Rules and validation
Вернуться к: HTML_QuickForm2
Rules and validation
Server-side validation in HTML_QuickForm2 is performed by HTML_QuickForm2::validate() method. Validation rules doing actual checks on element values are implemented as subclasses of HTML_QuickForm2_Rule, they are added to elements via HTML_QuickForm2_Node::addRule().
Basically, the form is invalid if it contains at least one invalid element. The element is considered invalid if it has an error message (accessible by HTML_QuickForm2_Node::getError()) set and valid otherwise. That error can appear in two different ways:
You can manually set an error message for an element using HTML_QuickForm2_Node::setError().
A rule added to the element will set an error message if it has such a message and its validation routine returned FALSE.

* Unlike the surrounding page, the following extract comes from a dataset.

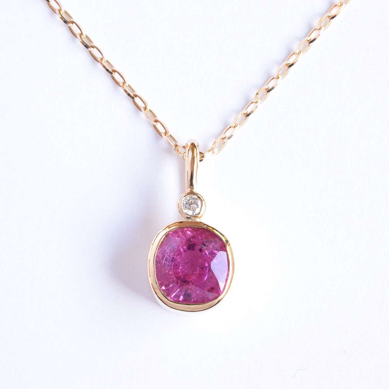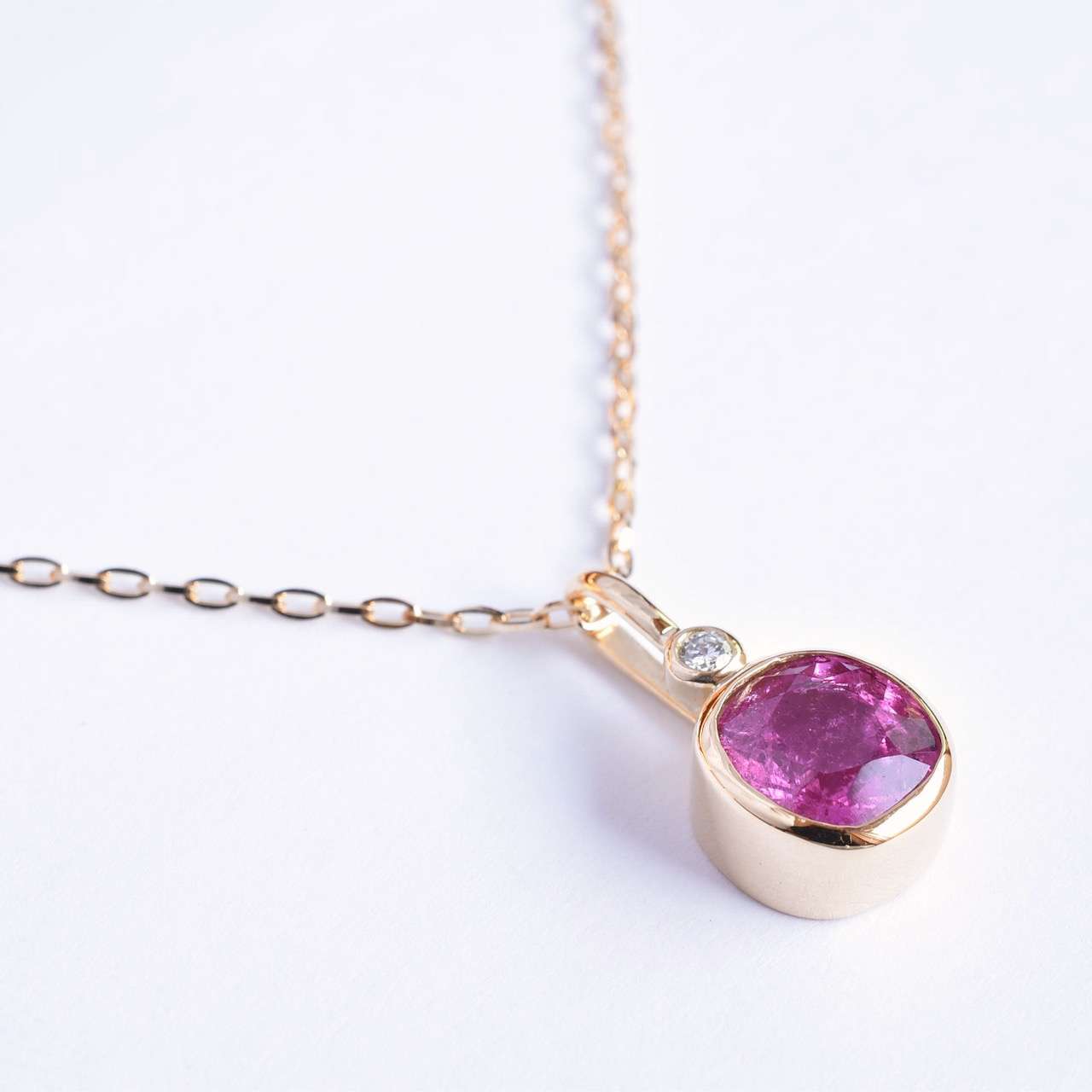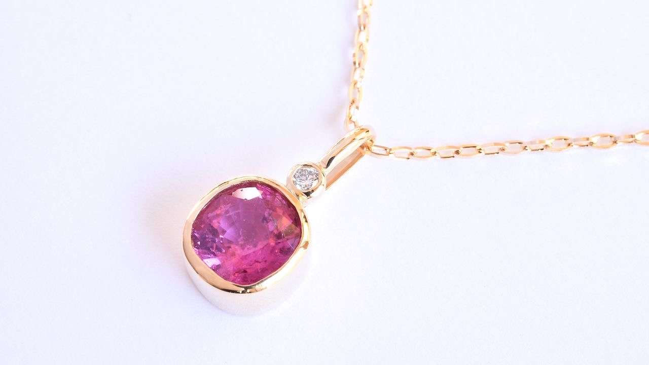 神戸からお届けする K18YG ピンクトルマリン ダイヤモンドペンダント

Do not forget to provide an error message to the rule, otherwise the element will be considered valid even if rule's validation routine returns FALSE. Not setting an error message is only useful when chaining (see below).
Some of the elements may perform additional hardcoded validation. For example, file uploads will check the value of 'error' field in $_FILES and assign a relevant error message when file upload was attempted but failed.
Instantiating Rule objects directly
<?php
require_once 'HTML/QuickForm2.php';
require_once 'HTML/QuickForm2/Rule/Required.php';
require_once 'HTML/QuickForm2/Rule/Regex.php';
$form = new HTML_QuickForm2('tutorial');
$username = $form->addElement('text', 'username');
$form->addElement('submit', null, array('value' => 'Send!'));
$username->addRule(new HTML_QuickForm2_Rule_Required(
$username, 'Username is required!'
));
$username->addRule(new HTML_QuickForm2_Rule_Regex(
$username, 'Username should contain only letters, digits and underscores', '/^[a-zA-Z0-9_]+$/'
));
if ($form->validate()) {
// process form
}
echo $form;
?>
Of course, you will rarely need to instantiate Rule subclasses directly, Rule objects can be created by HTML_QuickForm2_Node::createRule() or automatically by addRule() if first parameter is a string representing registered rule type.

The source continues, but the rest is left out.